▶ WHAT IS BEING ASKED: What you should give back is a precise copy of the lines below from the one containing "Para crear o" through the one containing "Moutai 2025 Feitian", with no pictures.

▶ DATA FOR ANALYSIS:
________________________________________
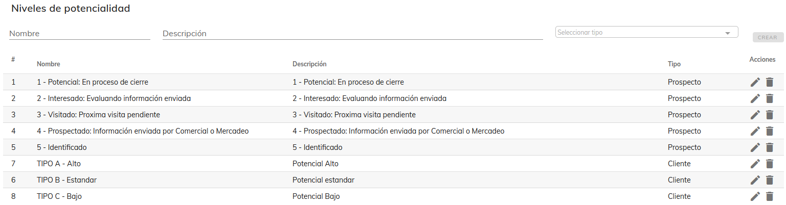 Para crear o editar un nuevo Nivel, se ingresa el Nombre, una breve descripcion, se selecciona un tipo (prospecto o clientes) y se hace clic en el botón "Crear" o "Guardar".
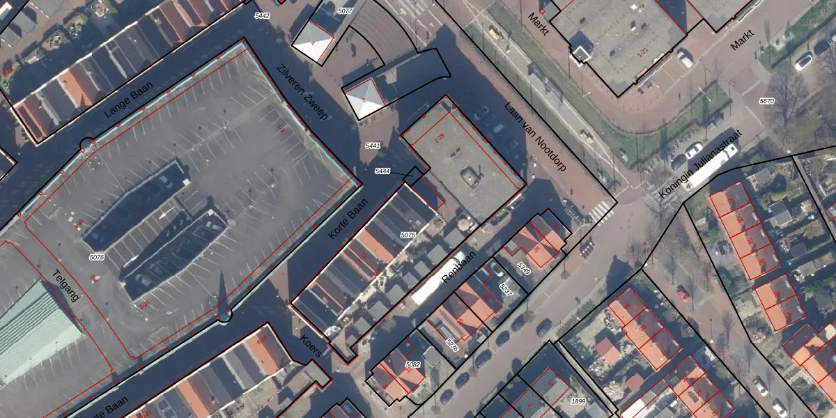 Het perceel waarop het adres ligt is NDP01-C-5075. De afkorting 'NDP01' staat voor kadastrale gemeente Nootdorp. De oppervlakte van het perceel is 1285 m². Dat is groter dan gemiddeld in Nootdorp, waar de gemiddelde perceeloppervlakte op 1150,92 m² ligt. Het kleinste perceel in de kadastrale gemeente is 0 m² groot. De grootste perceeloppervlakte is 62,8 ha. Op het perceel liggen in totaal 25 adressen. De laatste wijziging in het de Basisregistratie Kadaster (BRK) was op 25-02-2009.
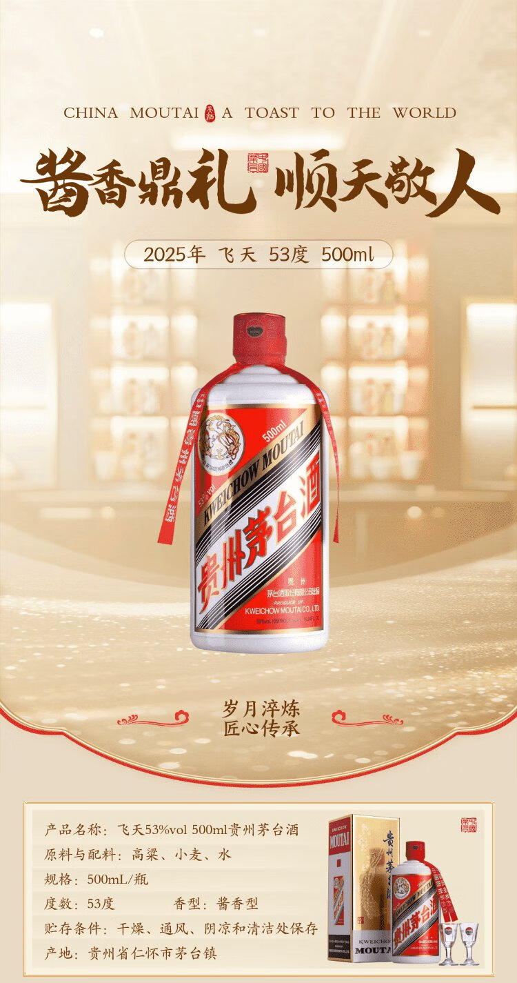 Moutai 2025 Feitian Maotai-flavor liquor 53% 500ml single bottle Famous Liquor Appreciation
________________________________________
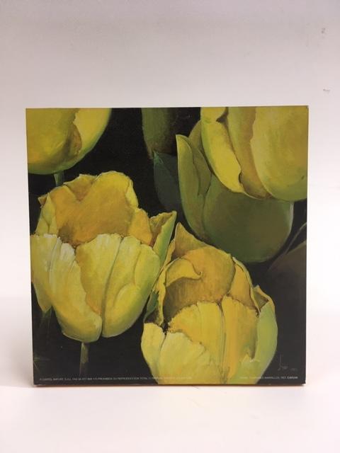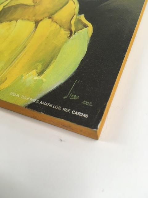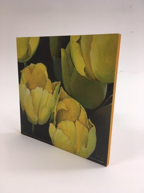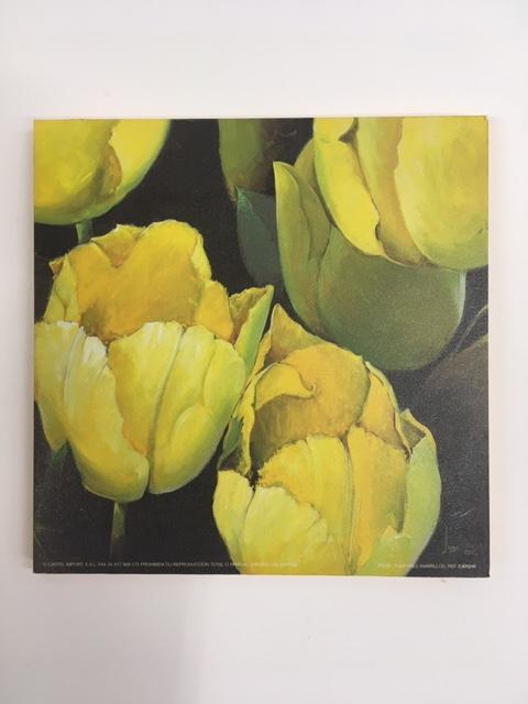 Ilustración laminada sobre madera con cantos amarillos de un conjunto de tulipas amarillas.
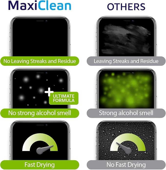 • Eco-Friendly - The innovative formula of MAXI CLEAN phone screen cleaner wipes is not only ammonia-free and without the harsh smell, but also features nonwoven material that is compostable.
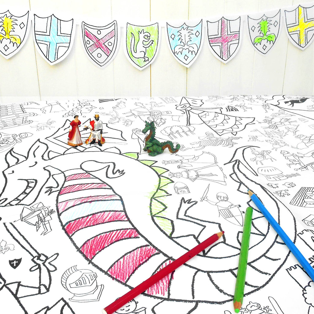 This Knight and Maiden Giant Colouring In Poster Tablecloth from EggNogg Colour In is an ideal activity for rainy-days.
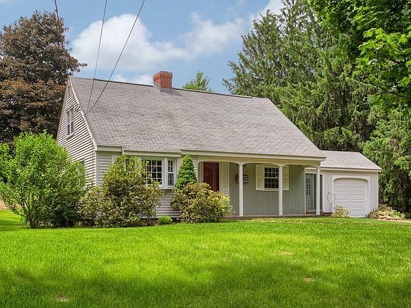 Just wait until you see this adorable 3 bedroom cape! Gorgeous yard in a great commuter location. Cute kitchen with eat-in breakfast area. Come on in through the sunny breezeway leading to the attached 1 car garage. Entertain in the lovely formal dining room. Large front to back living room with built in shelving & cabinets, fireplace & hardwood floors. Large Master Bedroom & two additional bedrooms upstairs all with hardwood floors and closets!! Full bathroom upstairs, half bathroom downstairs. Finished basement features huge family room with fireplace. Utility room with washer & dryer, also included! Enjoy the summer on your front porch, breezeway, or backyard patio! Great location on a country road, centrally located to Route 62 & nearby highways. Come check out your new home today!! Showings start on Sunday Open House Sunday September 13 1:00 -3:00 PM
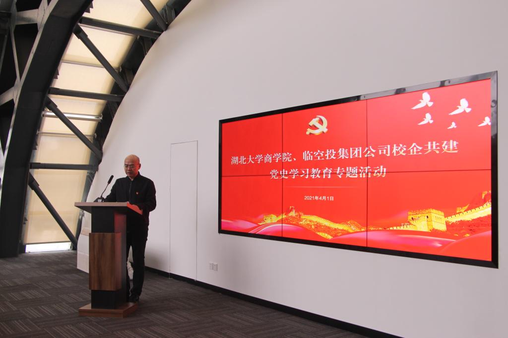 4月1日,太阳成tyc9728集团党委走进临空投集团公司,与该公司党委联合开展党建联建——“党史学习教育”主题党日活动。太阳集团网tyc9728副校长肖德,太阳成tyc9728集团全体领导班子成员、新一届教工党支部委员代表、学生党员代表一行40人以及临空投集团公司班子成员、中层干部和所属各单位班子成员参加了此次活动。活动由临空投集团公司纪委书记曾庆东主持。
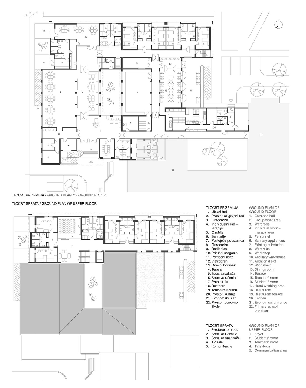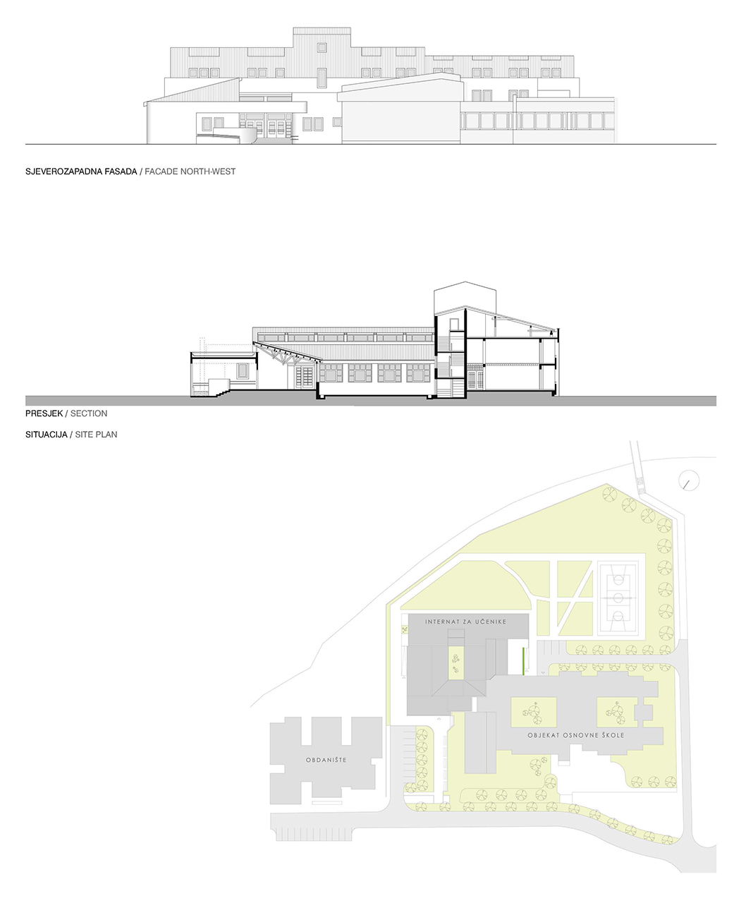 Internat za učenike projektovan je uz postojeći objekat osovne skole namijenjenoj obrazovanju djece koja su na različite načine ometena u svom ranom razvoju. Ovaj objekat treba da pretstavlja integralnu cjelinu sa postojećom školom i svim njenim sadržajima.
________________________________________
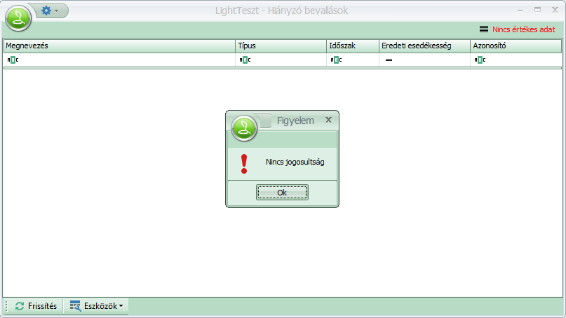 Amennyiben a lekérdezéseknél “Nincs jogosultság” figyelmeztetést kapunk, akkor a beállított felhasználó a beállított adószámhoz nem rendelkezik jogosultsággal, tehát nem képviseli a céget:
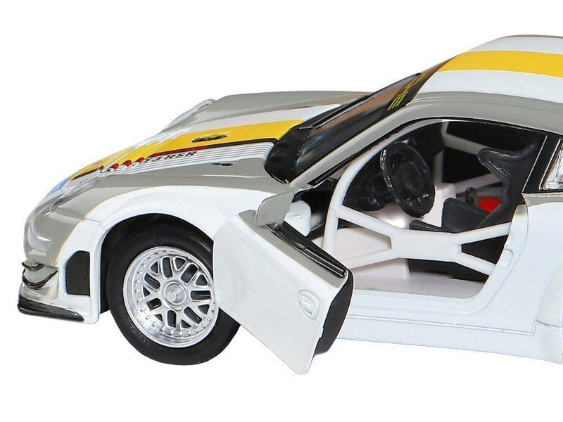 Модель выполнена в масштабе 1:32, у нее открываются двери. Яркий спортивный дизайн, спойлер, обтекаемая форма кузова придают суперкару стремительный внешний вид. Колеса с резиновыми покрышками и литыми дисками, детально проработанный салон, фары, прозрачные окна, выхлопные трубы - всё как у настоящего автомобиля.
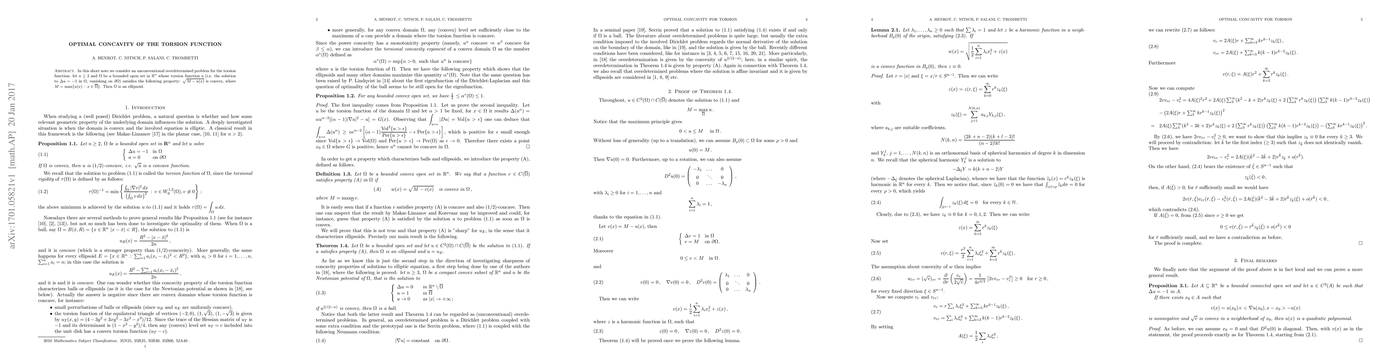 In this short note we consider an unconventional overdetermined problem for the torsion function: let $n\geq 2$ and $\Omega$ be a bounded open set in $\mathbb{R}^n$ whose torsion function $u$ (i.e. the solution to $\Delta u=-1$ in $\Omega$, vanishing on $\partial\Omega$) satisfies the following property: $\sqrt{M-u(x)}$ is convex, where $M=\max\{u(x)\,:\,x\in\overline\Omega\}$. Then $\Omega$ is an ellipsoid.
________________________________________
▶ OUTPUT OF THE EXERCISE:
 Para crear o editar un nuevo Nivel, se ingresa el Nombre, una breve descripcion, se selecciona un tipo (prospecto o clientes) y se hace clic en el botón "Crear" o "Guardar".
 Het perceel waarop het adres ligt is NDP01-C-5075. De afkorting 'NDP01' staat voor kadastrale gemeente Nootdorp. De oppervlakte van het perceel is 1285 m². Dat is groter dan gemiddeld in Nootdorp, waar de gemiddelde perceeloppervlakte op 1150,92 m² ligt. Het kleinste perceel in de kadastrale gemeente is 0 m² groot. De grootste perceeloppervlakte is 62,8 ha. Op het perceel liggen in totaal 25 adressen. De laatste wijziging in het de Basisregistratie Kadaster (BRK) was op 25-02-2009.
 Moutai 2025 Feitian Maotai-flavor liquor 53% 500ml single bottle Famous Liquor Appreciation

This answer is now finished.